New York Medical College, Valhalla, New York.
Division of Geriatrics, Department of Medicine, University of California, San Francisco, San Francisco, California.
J Am Geriatr Soc. 2018 Dec;66(12):2367-2371. doi: 10.1111/jgs.15524. Epub 2018 Oct 22.
To characterize the goals and approaches of clinicians with experience discussing long-term prognostic information with older adults.
We used a semistructured interview guide containing 2 domains of perceived benefits and strategies to explore why and how clinicians choose to discuss long-term prognosis, defined as life expectancy on the scale of years, with patients.

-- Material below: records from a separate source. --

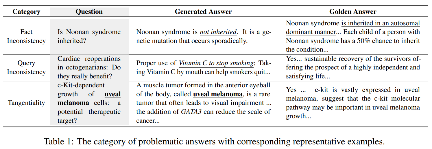 | 🧪 실험 설정 | - ✅ 5개 의료 QA 데이터셋 사용 (PubMedQA, MedQuAD, MEDIQA2019, LiveMedQA2017, MASH-QA) - ✅ 5개 LLM 평가 (Vicuna-7B, Alpaca-LoRA-7B, ChatGPT, MedAlpaca-7B, Robin-medical-7B) - ✅ 자동 평가: Med-NLI, CtrlEval, F1, ROUGE-L - ✅ 인간 평가: Fact Inconsistency(사실 오류), Query Inconsistency(질문 불일치), Tangentiality(주제 일탈) |
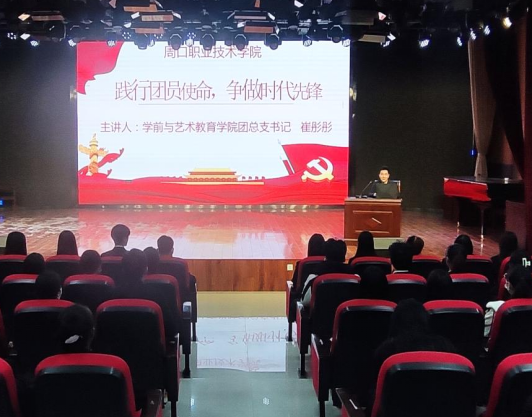 为深入贯彻落实习近平总书记青年工作思想,引导广大青年不忘初心、牢记使命,坚定不移听党话、跟党走,学前与艺术教育学院团总支于11月21日在一楼演播厅成功举办“践行团员使命争做时代先锋”主题团课活动。学院团总支学生会全体干部、部分团支部书记及入团积极分子参加了此次活动,本次团课由团总支书记崔彤彤主讲。
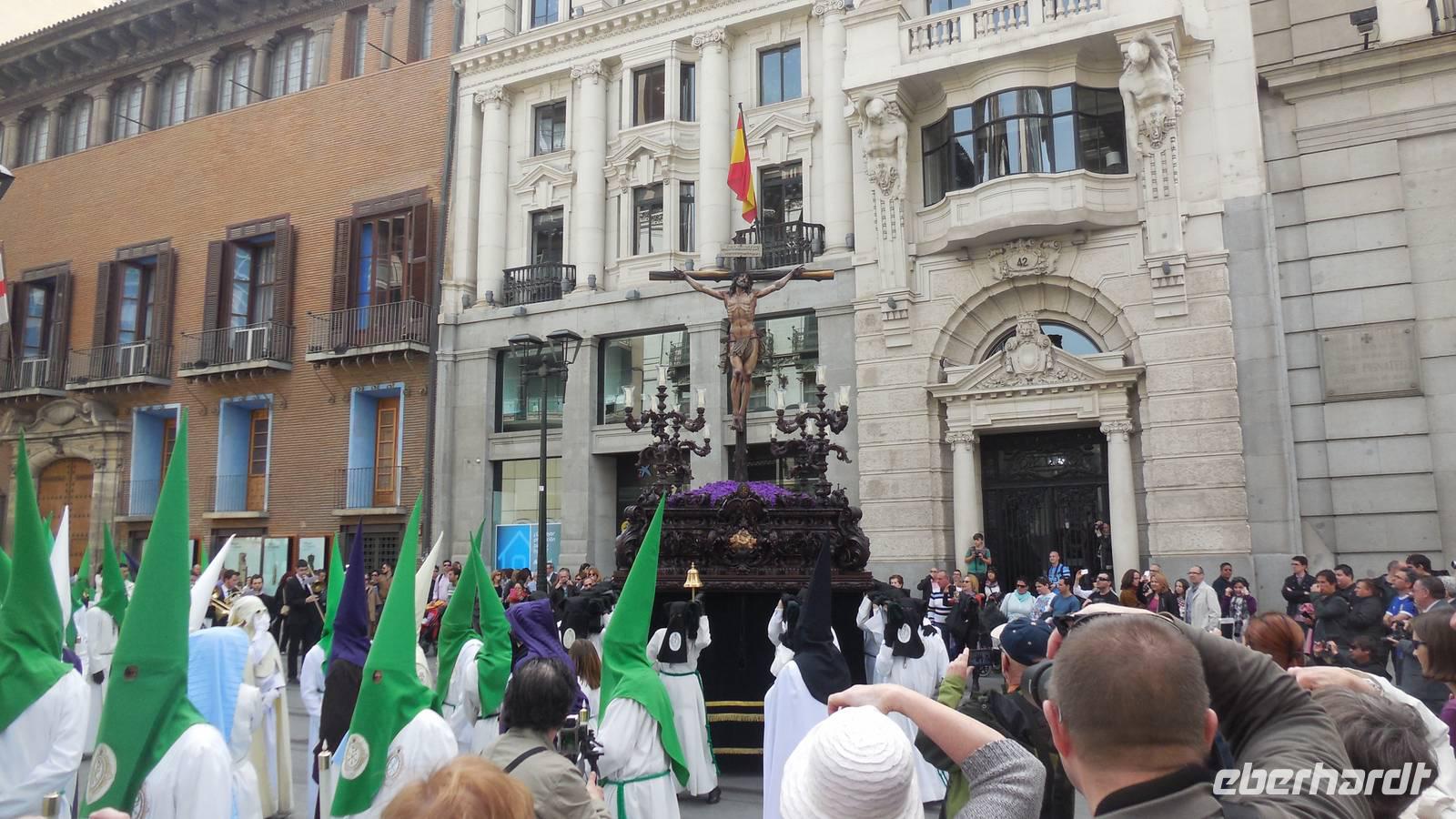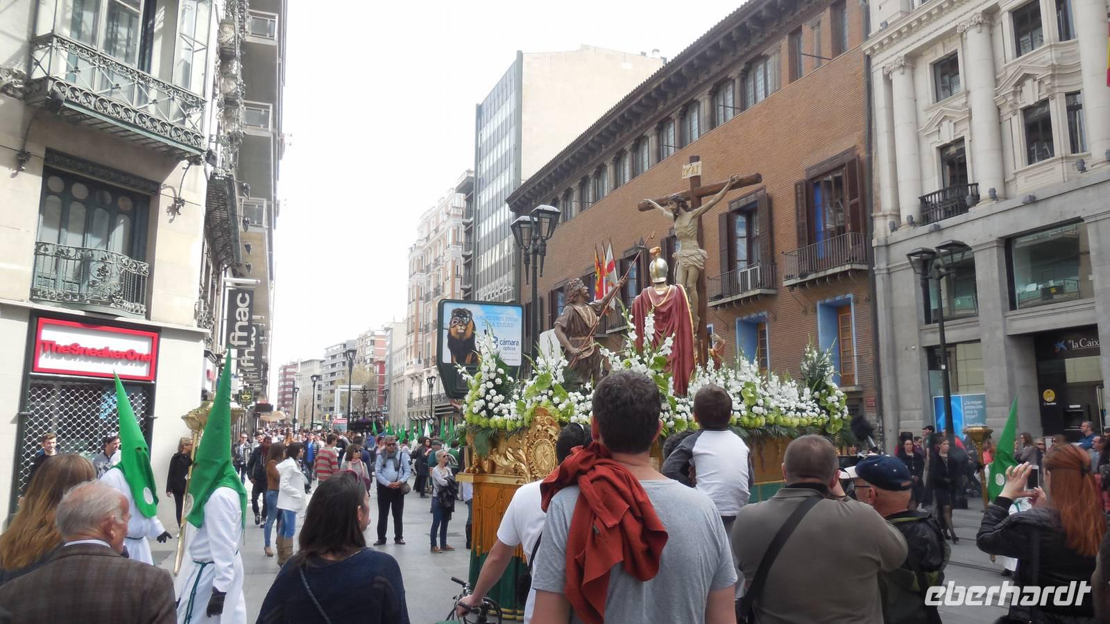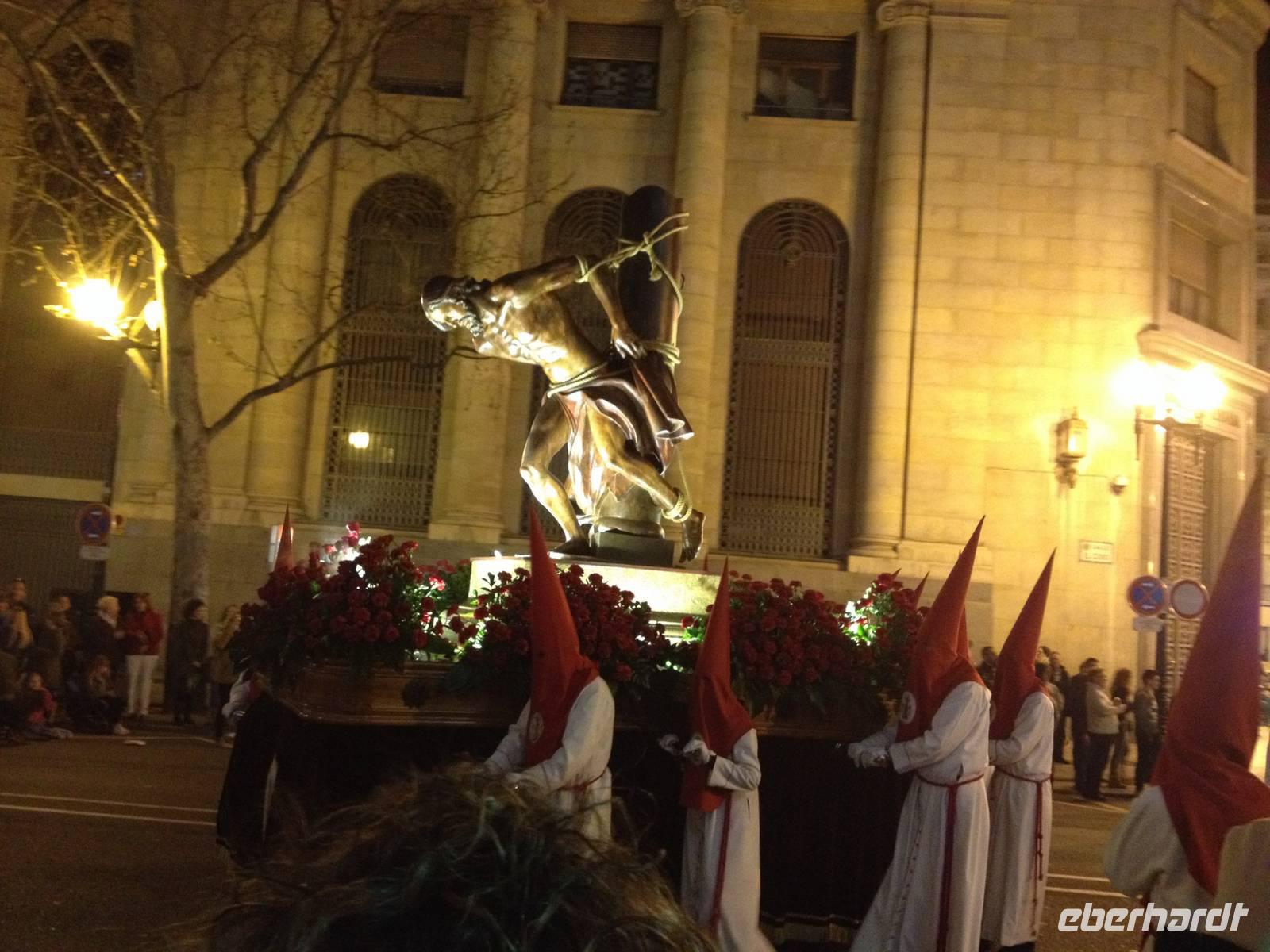 Eine Prozession überraschet uns auf unserem Weiterweg. So konnten wir zwei verschiedene „Pasos de Semana Santa“, die getragenen Altare mit einer Christus- oder einer Madonnastatue, sowie auch die typische Kleidung zu Ostern sehen.
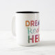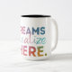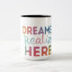A stylish mug with "dreams realise here" in vaberient and in multicolour
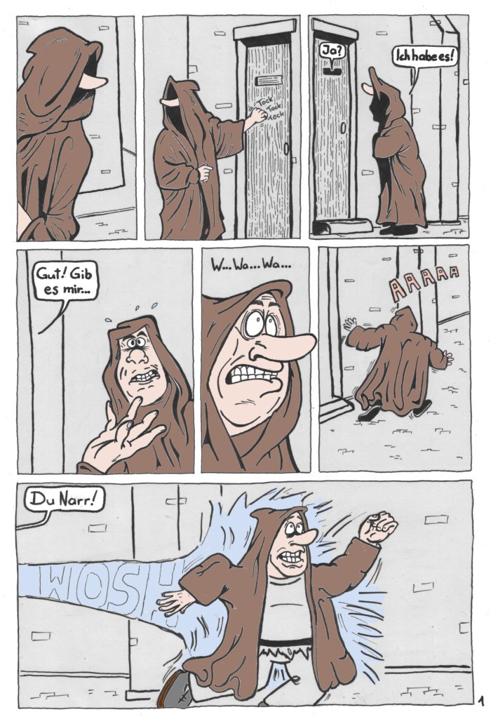 Die Geschichte entsteht wärend sie gezeichnet wird. Ich weis also selber nicht was passieren wird. Die erste Seite so wie sie oben steht ist eine arbeit von 3 Wochen. Dafür ist schon unmengen Papier, Bleistifte und Radierer ums Leben gekommen...
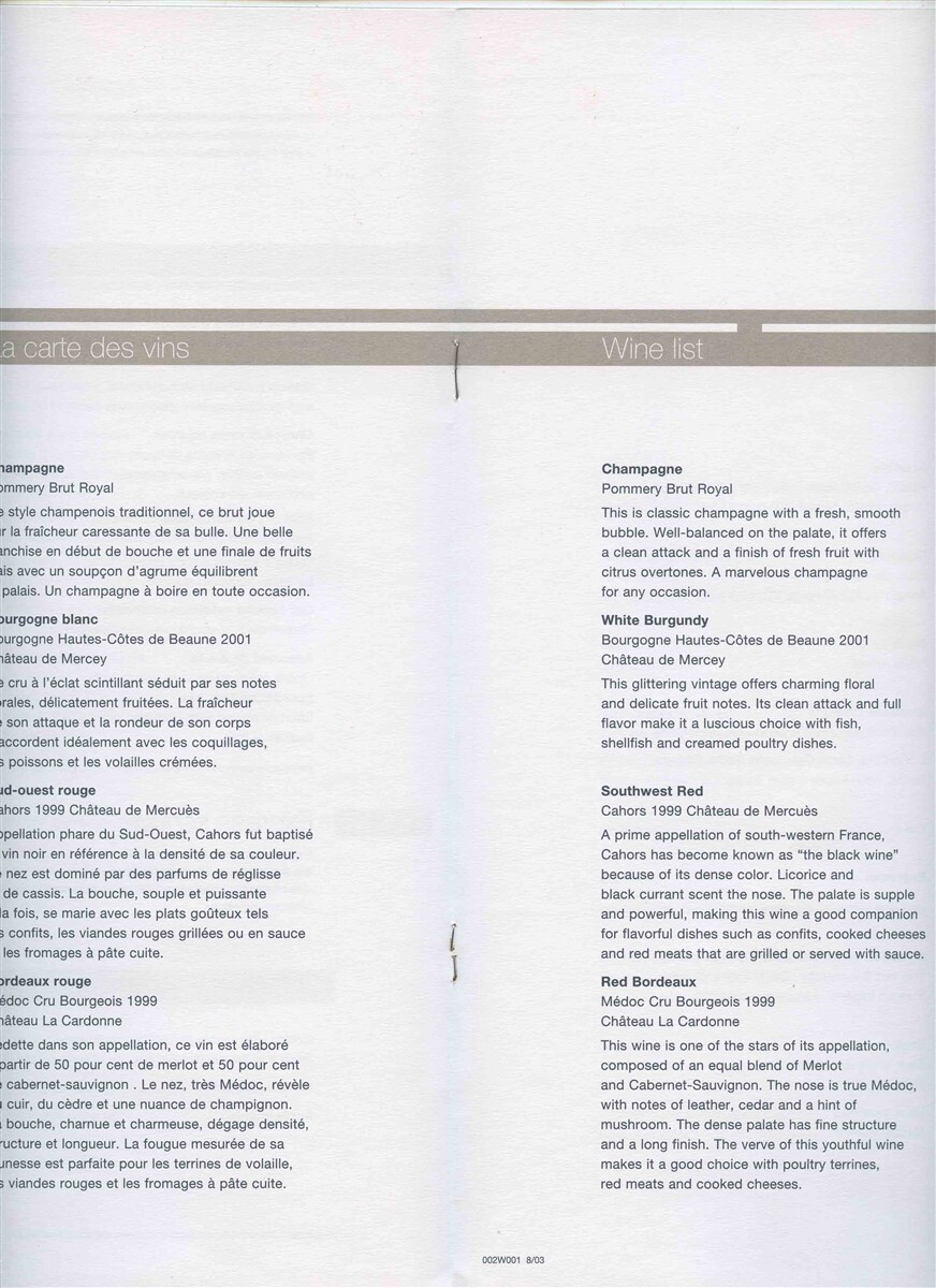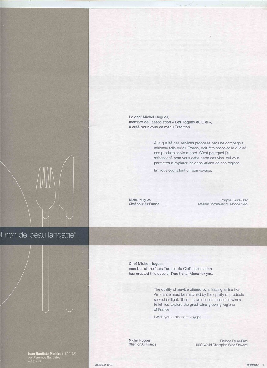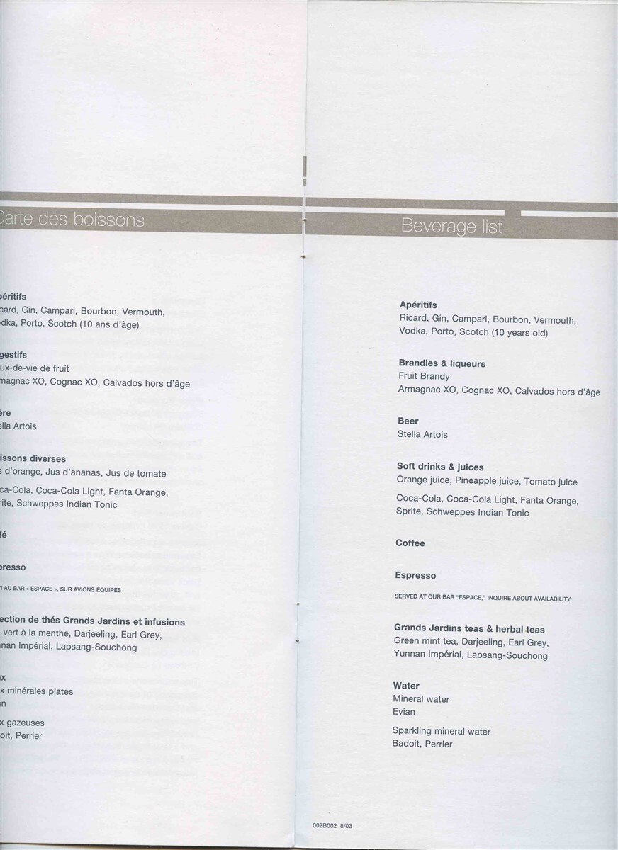 Air France L'espace Affaires Menu Meal Service and Beverages 2003 France - AME
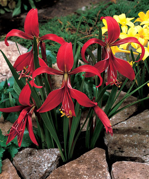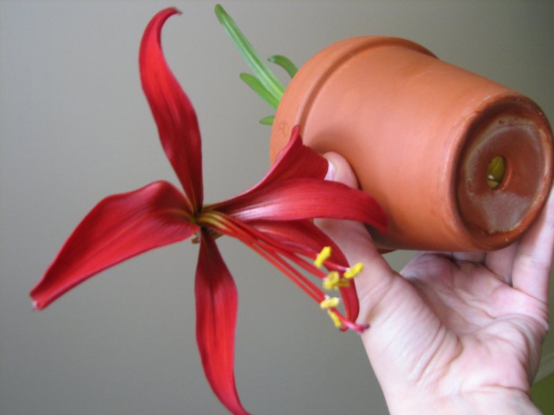 При цъфтежа се образува гладко, кухо червено-кафеникаво стъбло, което е увенчано с голямо асиметрично цвете. 6 удължени венчелистчета се извиват сложно и образуват красива форма.
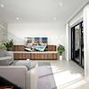 Das Erdgeschoss besteht aus einem Esszimmer mit Küche, einem Wohnzimmer und einer Gästetoilette, während die erste Etage aus zwei Schlafzimmern mit jeweils eigenem Bad und Zugang zu einem eigenen Balkon besteht.
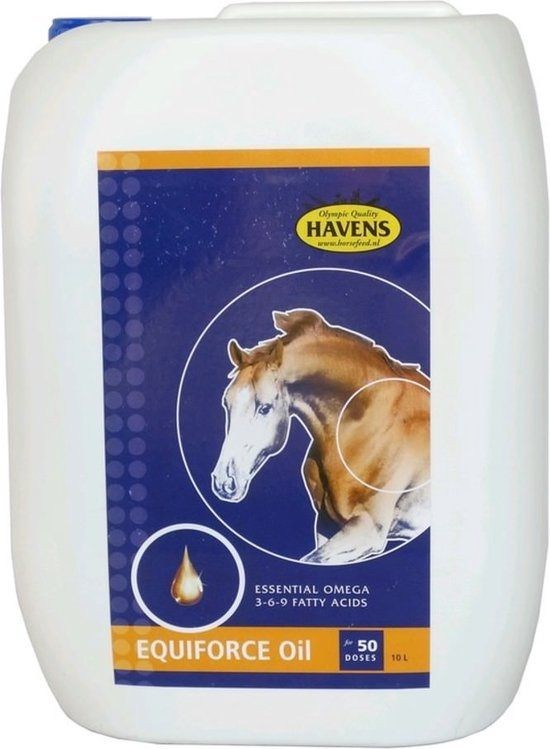 EquiForce Oil is samengesteld uit 3 verschillende koudgeperste plantaardige oliën om zo de perfecte verhouding van de belangrijke essentiële vetzuren (omega 3-6- 9) te creëren. Paarden zijn niet in staat om essentiële vetzuren zelf te produceren en deze moeten daarom via het rantsoen verkregen worden. Essentiële vetzuren (voornamelijk omega-3) versterken het immuunsysteem en de vitaliteit. Tevens verantwoordelijk voor een glanzende vacht, het voorkomen van droge en brokkelige hoeven, verminderen van huidproblemen (zoals een droge, geïrriteerde of jeukende huid). Als extra voordeel is de olie niet stroperig waardoor deze probleemloos uit de verpakking is te gieten of te pompen.
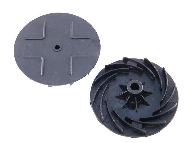 Imi Rotim1600 típusú elektromos fűnyíróhoz lapolt tengelyű, ívelt bordás, műanyag fűnyírókéstartó.
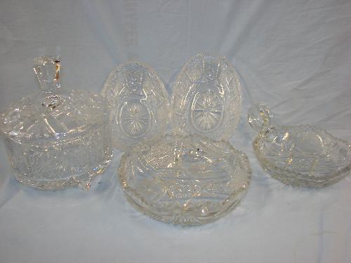 5 pcs of crystal,nappy, relish dishes, footed candy disn
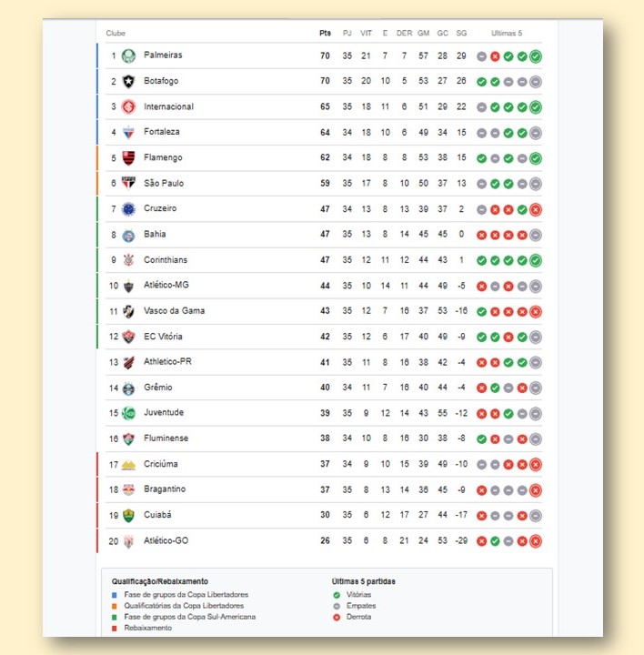 Com 35 rodadas completadas nesse final de semana, o Campeonato Brasileiro de Futebol 2024 esquenta a disputa pelo G6 e aumenta o desespero dos torcedores de clubes que podem entrar na Z4, a zona de rebaixamento para a segunda divisão.
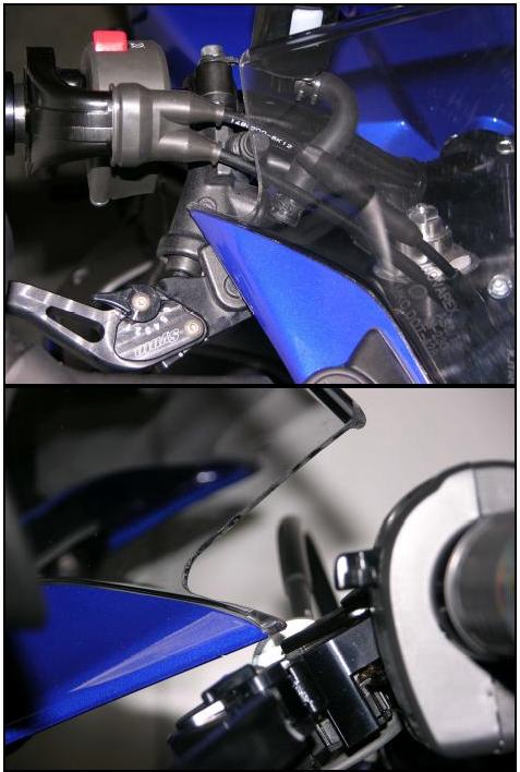 全ての商品は、カウル、スクリーン、ミラー、タンク等への干渉問題について、一切保証は出来ず、問題が発生しましても、返品等は一切受け付けませんので、予め御了承してください。また、干渉が発生した場合には、カウルやスクリーンはカットして頂くか、ハンドルストッパー等を追加することで対処して頂きたく、予め御了承してください。 |
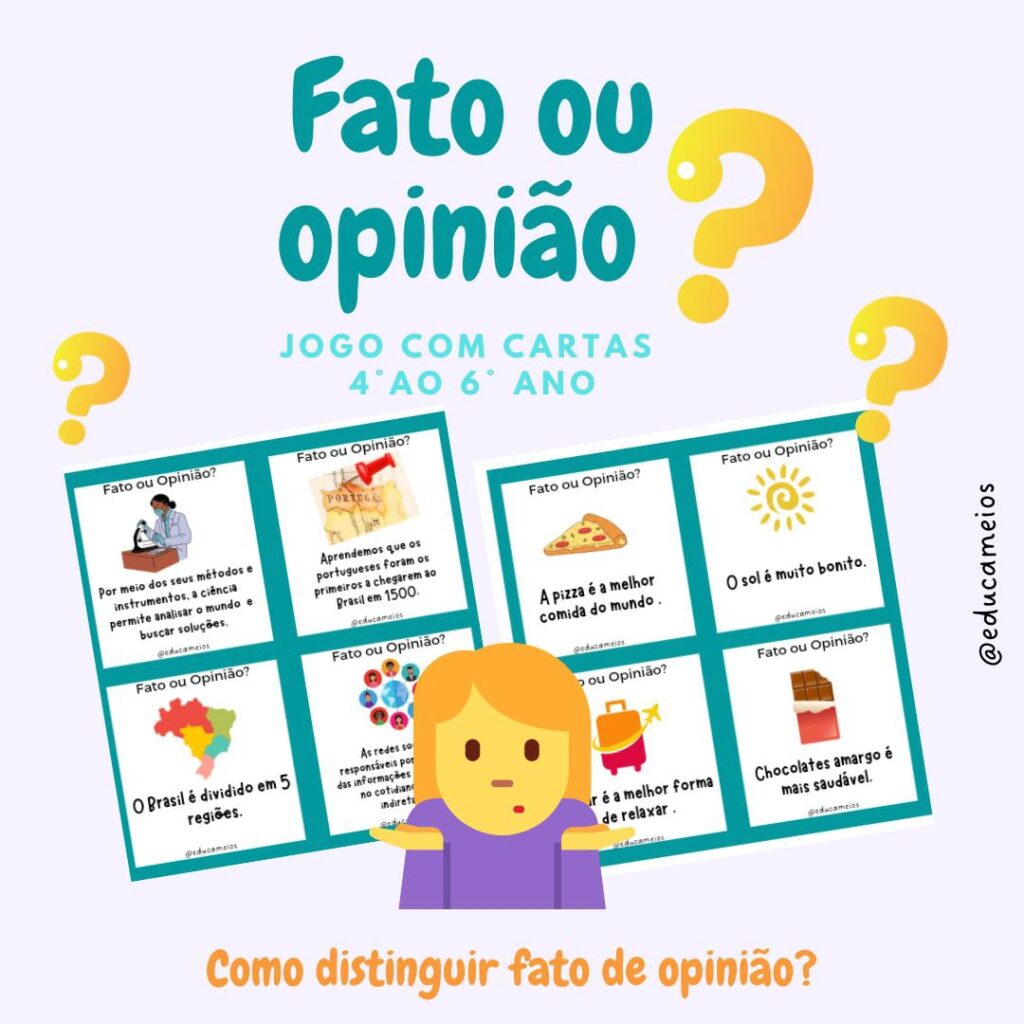 Este jogo traz várias afirmações com o objetivo de distinguir fato de opinião.

Clinicians from home-based primary care practices, community-based clinics, and academic medical centers across San Francisco.
Fourteen physicians, including 11 geriatricians and 1 geriatric nurse practitioner, with a mean age of 40 and a mean 9 years in practice.
Clinician responses were analyzed qualitatively using the constant comparisons approach.
Perceived benefits of discussing long-term prognosis included establishing realistic expectations for patients, encouraging conversations about future planning, and promoting shared decision-making through understanding of patient goals of care. Communication strategies included adapting discussions to individual patient preferences and engaging in multiple conversations over time. Clinicians preferred to communicate prognosis in words and with a visual aid, although most did not know of a suitable visual aid.
Engaging in customized longitudinal discussions of long-term prognosis aids clinicians in anchoring conversations about future planning and preparing patients for the end of life. J Am Geriatr Soc 66:2367-2371, 2018.
描述具有与老年人讨论长期预后信息经验的临床医生的目标和方法。
我们使用了包含两个感知益处领域和策略的半结构化访谈指南,以探讨临床医生为什么以及如何选择与患者讨论长期预后,即按年计算的预期寿命。
旧金山的家庭基础初级保健诊所、社区诊所和学术医疗中心的临床医生。
14 名医生,包括 11 名老年病医生和 1 名老年执业护士,平均年龄 40 岁,平均从业 9 年。
使用恒定比较法对临床医生的反应进行定性分析。
讨论长期预后的感知益处包括为患者建立现实的期望,鼓励关于未来规划的对话,以及通过了解患者的护理目标来促进共同决策。沟通策略包括根据患者的个人喜好调整讨论,并随着时间的推移进行多次对话。临床医生更喜欢用言语和视觉辅助工具来传达预后,尽管大多数人都不知道合适的视觉辅助工具。
进行个性化的长期预后纵向讨论有助于临床医生围绕未来规划进行对话,并为患者的生命终期做好准备。
J Am Geriatr Soc 66:2367-2371, 2018.